BEGIN Data section

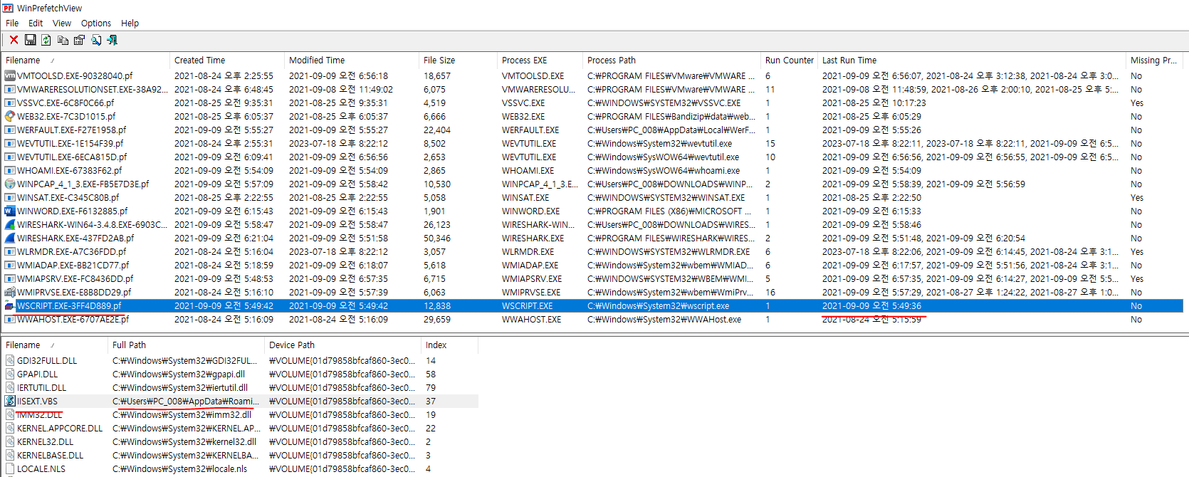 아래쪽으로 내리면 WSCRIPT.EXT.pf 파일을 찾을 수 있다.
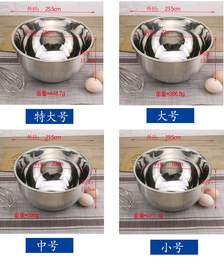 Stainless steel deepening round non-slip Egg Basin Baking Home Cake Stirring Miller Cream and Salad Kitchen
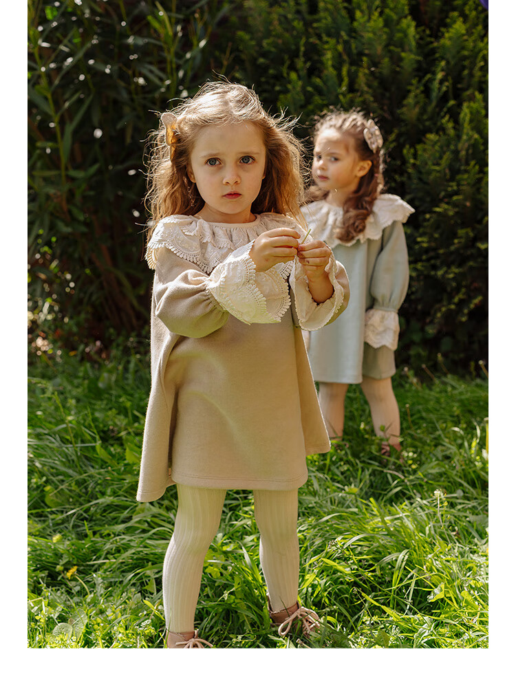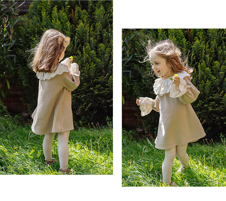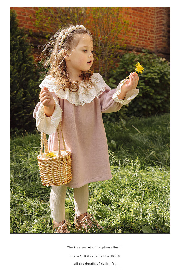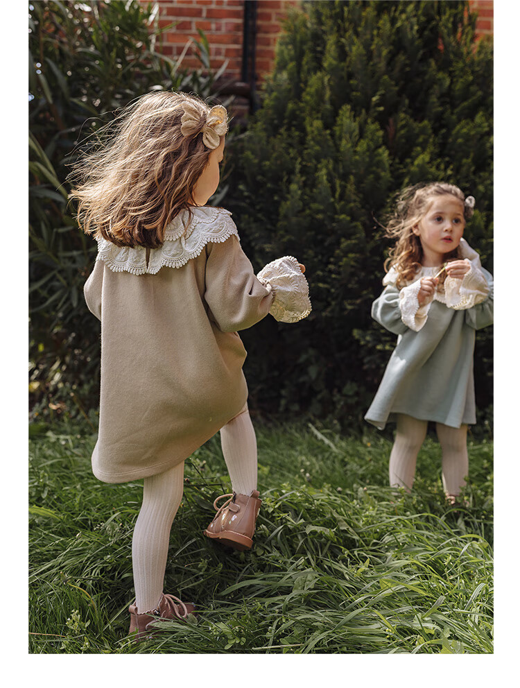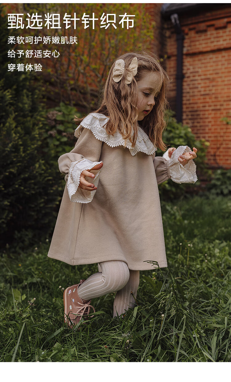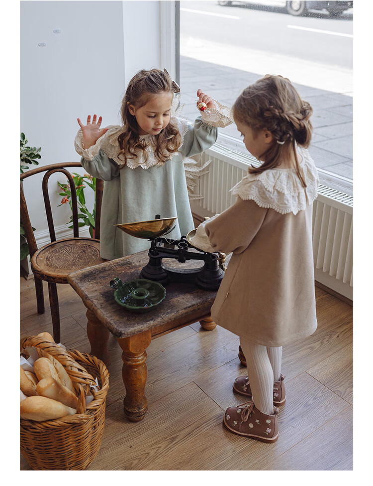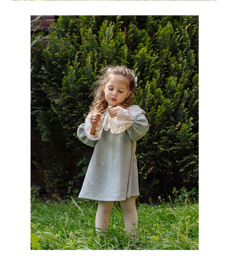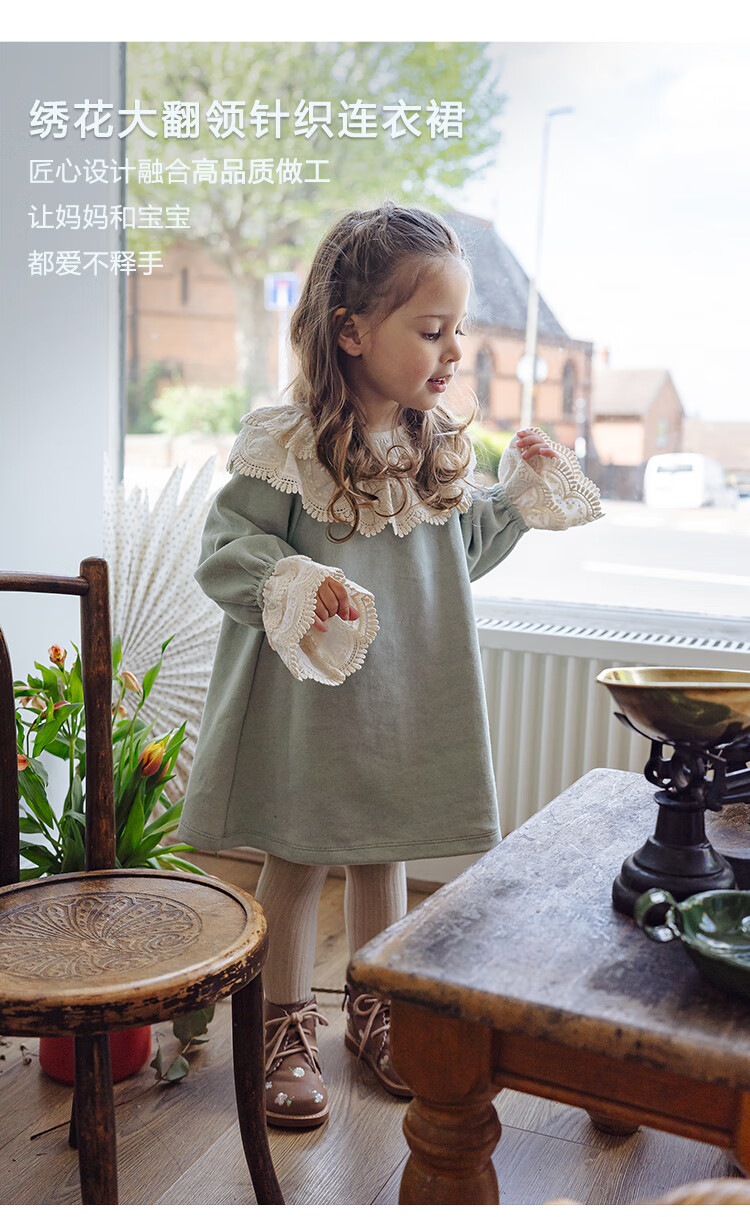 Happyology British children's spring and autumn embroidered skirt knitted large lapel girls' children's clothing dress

END Data section

Exercise brief: Beginning with the line that holds "Stainless steel deepening", extract every line to the end of the material, exactly as it stands, and drop the pictures.

Solution for this problem:
 Stainless steel deepening round non-slip Egg Basin Baking Home Cake Stirring Miller Cream and Salad Kitchen
 Happyology British children's spring and autumn embroidered skirt knitted large lapel girls' children's clothing dress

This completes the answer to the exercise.